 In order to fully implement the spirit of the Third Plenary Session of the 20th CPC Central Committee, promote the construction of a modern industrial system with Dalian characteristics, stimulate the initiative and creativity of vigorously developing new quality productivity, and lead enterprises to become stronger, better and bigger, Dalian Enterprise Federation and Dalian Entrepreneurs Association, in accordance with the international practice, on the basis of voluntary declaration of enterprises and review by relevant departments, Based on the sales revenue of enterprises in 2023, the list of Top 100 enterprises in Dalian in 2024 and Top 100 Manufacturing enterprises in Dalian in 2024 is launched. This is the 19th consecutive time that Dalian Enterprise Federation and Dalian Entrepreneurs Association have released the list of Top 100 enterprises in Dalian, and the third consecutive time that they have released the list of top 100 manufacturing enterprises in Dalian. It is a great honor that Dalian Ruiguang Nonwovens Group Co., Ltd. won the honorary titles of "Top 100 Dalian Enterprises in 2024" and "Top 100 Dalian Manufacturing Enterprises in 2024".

==

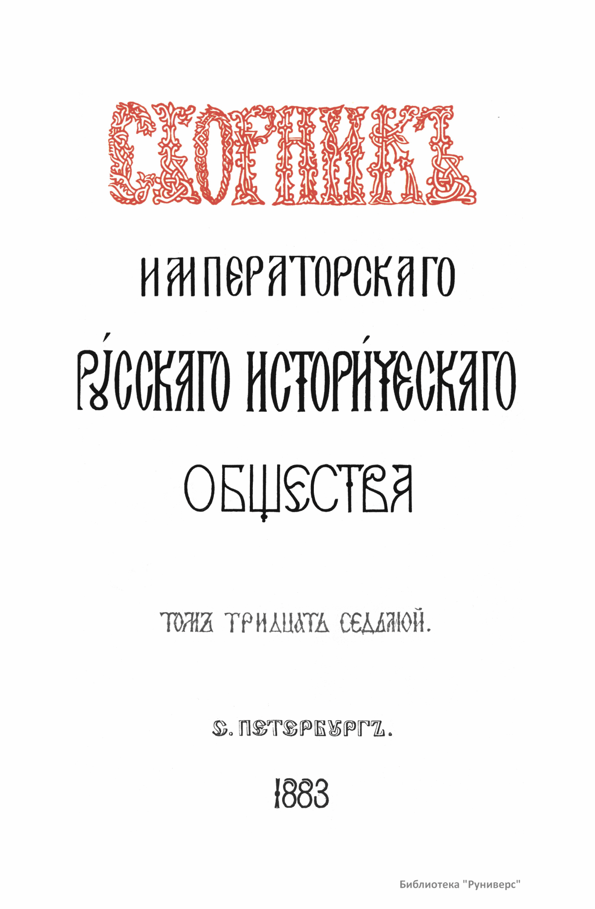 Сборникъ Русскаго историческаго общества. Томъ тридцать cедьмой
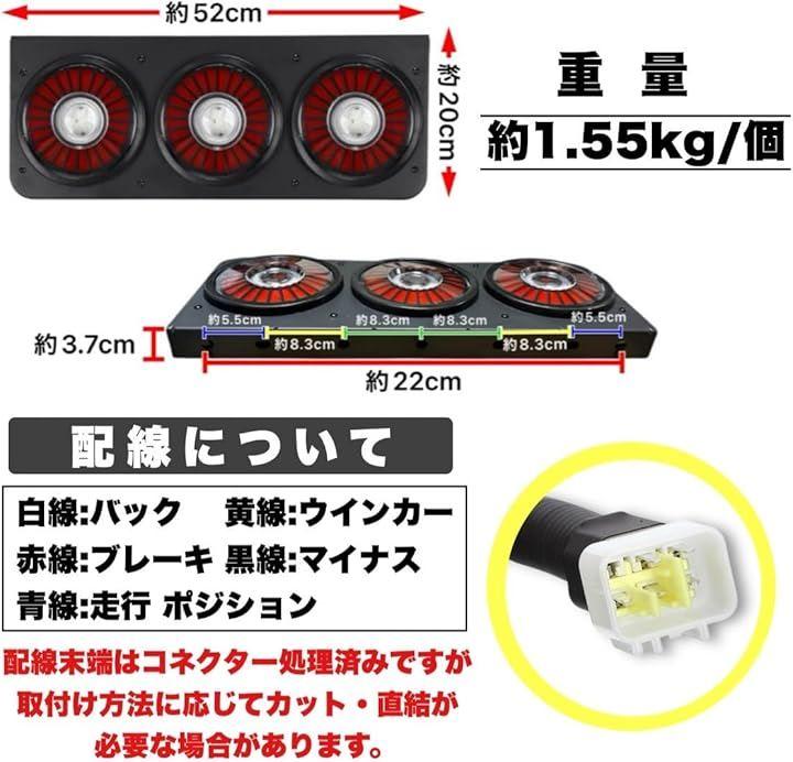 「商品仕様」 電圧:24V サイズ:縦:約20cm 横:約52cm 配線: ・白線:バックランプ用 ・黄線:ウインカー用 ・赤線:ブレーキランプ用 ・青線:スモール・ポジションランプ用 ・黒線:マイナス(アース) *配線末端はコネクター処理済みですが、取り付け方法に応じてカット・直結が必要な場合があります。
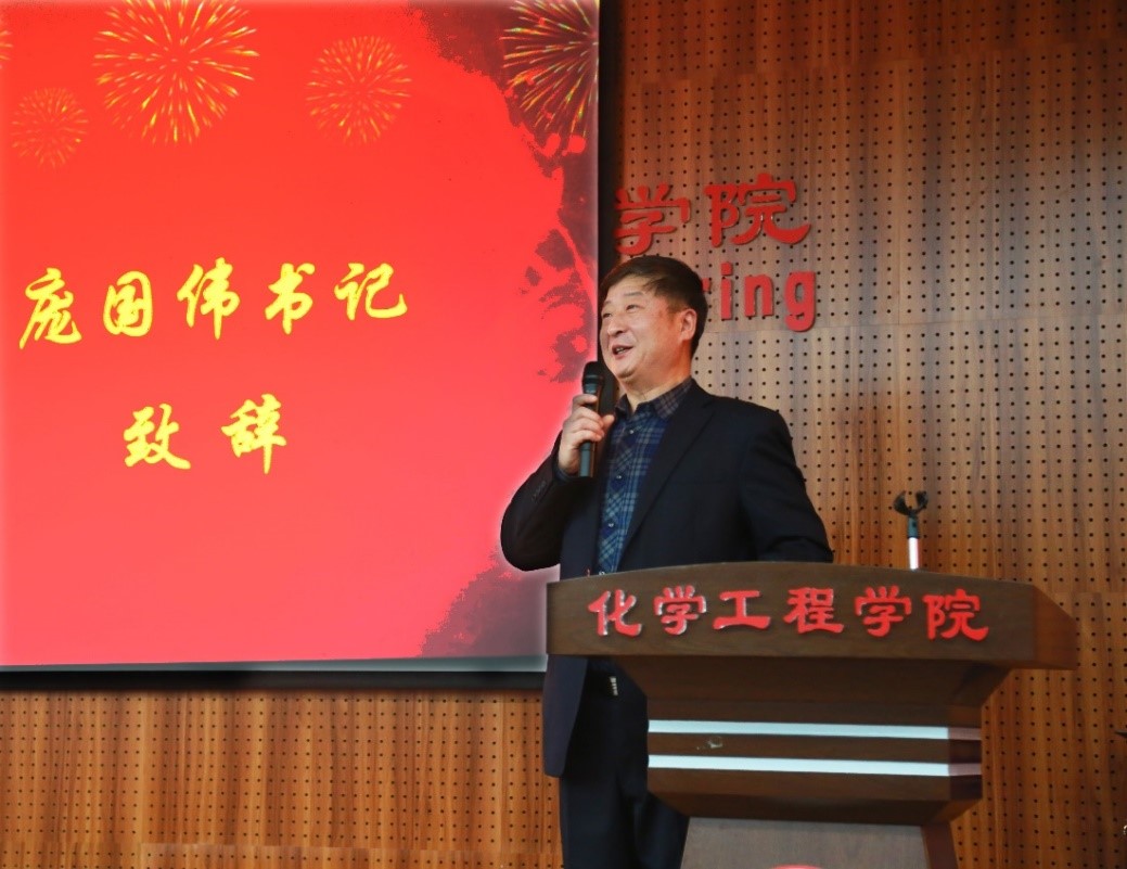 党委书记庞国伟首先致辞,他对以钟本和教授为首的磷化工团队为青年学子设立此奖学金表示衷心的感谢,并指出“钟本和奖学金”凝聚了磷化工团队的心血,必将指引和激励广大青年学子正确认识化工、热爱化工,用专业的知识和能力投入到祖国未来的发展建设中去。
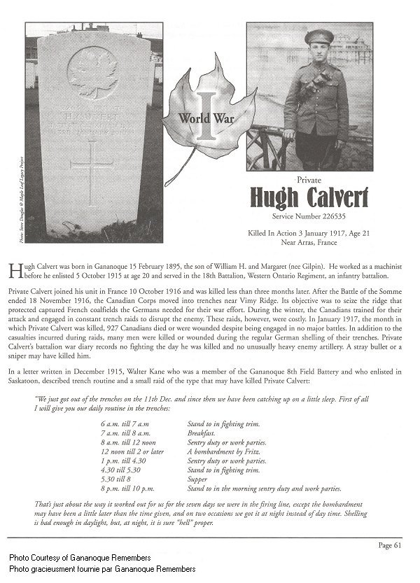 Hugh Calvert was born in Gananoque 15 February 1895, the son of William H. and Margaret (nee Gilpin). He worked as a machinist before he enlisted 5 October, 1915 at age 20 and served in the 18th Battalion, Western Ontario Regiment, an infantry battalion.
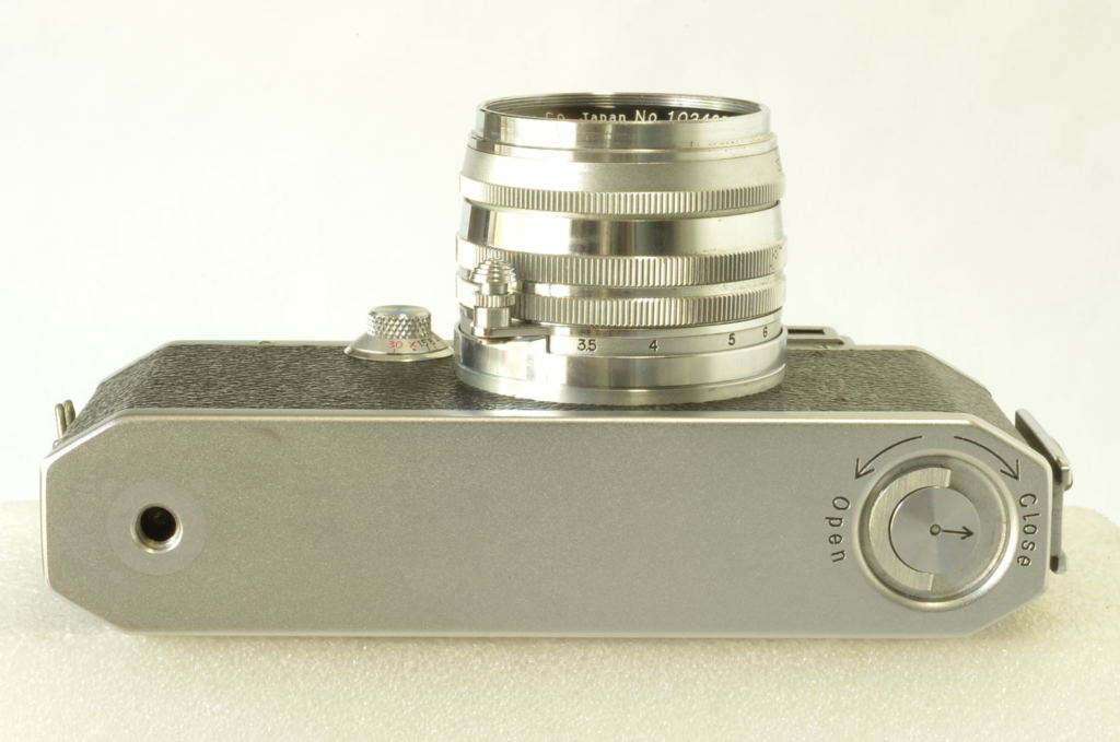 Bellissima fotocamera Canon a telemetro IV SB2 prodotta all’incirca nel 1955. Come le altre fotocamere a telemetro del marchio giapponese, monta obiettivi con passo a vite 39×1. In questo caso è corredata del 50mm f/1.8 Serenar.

THE PROBLEM. Return word for word the lines of the listing above, starting at the line with "電圧:24V サイズ:縦:約20cm 横:約52cm" and ending at the line with "Bellissima fotocamera Canon", both included. Pictures do not belong in the copy.

EXERCISE SOLUTION.
 「商品仕様」 電圧:24V サイズ:縦:約20cm 横:約52cm 配線: ・白線:バックランプ用 ・黄線:ウインカー用 ・赤線:ブレーキランプ用 ・青線:スモール・ポジションランプ用 ・黒線:マイナス(アース) *配線末端はコネクター処理済みですが、取り付け方法に応じてカット・直結が必要な場合があります。
 党委书记庞国伟首先致辞,他对以钟本和教授为首的磷化工团队为青年学子设立此奖学金表示衷心的感谢,并指出“钟本和奖学金”凝聚了磷化工团队的心血,必将指引和激励广大青年学子正确认识化工、热爱化工,用专业的知识和能力投入到祖国未来的发展建设中去。
 Hugh Calvert was born in Gananoque 15 February 1895, the son of William H. and Margaret (nee Gilpin). He worked as a machinist before he enlisted 5 October, 1915 at age 20 and served in the 18th Battalion, Western Ontario Regiment, an infantry battalion.
 Bellissima fotocamera Canon a telemetro IV SB2 prodotta all’incirca nel 1955. Come le altre fotocamere a telemetro del marchio giapponese, monta obiettivi con passo a vite 39×1. In questo caso è corredata del 50mm f/1.8 Serenar.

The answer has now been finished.